WHAT THIS TASK INVOLVES: Repeat the data that follows exactly, starting at the line with "i8 Wireless Remote" and ending at the line with "1794 S-19b R-4", and leave out every picture.

RECORDED INFORMATION:
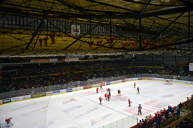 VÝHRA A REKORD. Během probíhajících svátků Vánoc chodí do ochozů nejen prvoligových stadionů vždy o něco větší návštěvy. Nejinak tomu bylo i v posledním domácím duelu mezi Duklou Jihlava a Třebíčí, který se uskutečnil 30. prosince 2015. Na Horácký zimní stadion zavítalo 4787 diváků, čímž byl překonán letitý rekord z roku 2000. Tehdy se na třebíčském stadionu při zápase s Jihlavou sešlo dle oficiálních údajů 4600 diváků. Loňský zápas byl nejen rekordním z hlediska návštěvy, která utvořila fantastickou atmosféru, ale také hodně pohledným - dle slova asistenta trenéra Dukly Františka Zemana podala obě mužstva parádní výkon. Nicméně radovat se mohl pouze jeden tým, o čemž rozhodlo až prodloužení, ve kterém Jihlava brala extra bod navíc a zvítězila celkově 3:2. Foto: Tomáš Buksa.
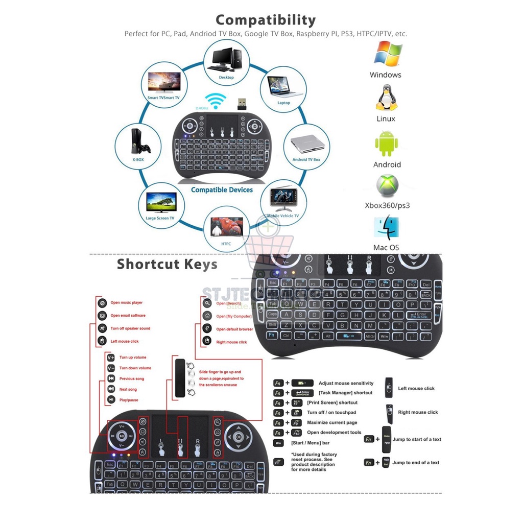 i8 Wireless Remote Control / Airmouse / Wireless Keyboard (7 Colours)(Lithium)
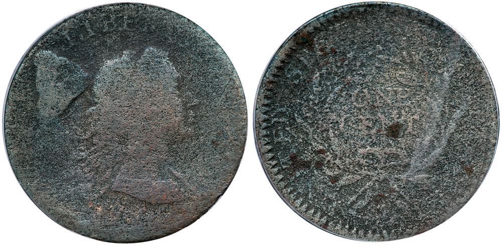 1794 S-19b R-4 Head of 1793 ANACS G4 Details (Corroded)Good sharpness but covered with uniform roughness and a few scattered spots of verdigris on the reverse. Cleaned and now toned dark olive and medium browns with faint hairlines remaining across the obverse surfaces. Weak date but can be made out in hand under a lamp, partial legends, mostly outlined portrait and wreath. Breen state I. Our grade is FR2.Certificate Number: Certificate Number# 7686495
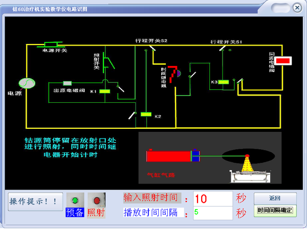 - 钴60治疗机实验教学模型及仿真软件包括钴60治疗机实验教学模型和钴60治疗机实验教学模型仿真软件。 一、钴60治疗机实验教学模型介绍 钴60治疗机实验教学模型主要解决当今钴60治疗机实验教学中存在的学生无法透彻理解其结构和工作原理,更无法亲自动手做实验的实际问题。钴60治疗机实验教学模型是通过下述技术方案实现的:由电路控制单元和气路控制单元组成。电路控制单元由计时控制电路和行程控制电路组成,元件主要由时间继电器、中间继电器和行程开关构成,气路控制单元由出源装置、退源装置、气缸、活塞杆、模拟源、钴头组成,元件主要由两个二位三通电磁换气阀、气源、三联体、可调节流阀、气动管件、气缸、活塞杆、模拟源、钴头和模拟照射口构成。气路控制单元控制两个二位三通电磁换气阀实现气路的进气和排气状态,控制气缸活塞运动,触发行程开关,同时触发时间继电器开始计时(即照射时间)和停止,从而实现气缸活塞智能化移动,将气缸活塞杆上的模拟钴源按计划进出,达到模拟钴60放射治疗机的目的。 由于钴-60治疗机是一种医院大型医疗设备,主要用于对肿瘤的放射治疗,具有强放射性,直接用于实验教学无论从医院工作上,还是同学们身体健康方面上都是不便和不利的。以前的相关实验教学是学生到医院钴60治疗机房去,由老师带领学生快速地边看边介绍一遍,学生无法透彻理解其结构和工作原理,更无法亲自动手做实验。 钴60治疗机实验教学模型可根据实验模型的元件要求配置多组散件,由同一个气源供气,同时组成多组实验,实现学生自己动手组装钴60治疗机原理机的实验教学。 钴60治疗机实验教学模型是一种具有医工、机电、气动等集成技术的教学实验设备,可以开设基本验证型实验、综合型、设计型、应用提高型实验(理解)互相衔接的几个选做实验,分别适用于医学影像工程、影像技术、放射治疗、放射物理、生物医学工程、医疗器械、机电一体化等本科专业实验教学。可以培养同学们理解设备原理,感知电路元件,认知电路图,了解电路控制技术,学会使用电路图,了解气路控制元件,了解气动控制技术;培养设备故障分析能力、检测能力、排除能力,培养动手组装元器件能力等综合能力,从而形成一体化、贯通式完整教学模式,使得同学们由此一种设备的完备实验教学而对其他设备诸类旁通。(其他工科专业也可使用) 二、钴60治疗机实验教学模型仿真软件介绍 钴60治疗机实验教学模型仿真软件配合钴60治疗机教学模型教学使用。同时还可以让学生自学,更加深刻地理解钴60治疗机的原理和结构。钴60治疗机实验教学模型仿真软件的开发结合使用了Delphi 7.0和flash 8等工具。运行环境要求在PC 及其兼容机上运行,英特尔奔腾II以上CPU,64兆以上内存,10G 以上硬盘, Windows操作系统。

RESULT OF THE EXERCISE:
 i8 Wireless Remote Control / Airmouse / Wireless Keyboard (7 Colours)(Lithium)
 1794 S-19b R-4 Head of 1793 ANACS G4 Details (Corroded)Good sharpness but covered with uniform roughness and a few scattered spots of verdigris on the reverse. Cleaned and now toned dark olive and medium browns with faint hairlines remaining across the obverse surfaces. Weak date but can be made out in hand under a lamp, partial legends, mostly outlined portrait and wreath. Breen state I. Our grade is FR2.Certificate Number: Certificate Number# 7686495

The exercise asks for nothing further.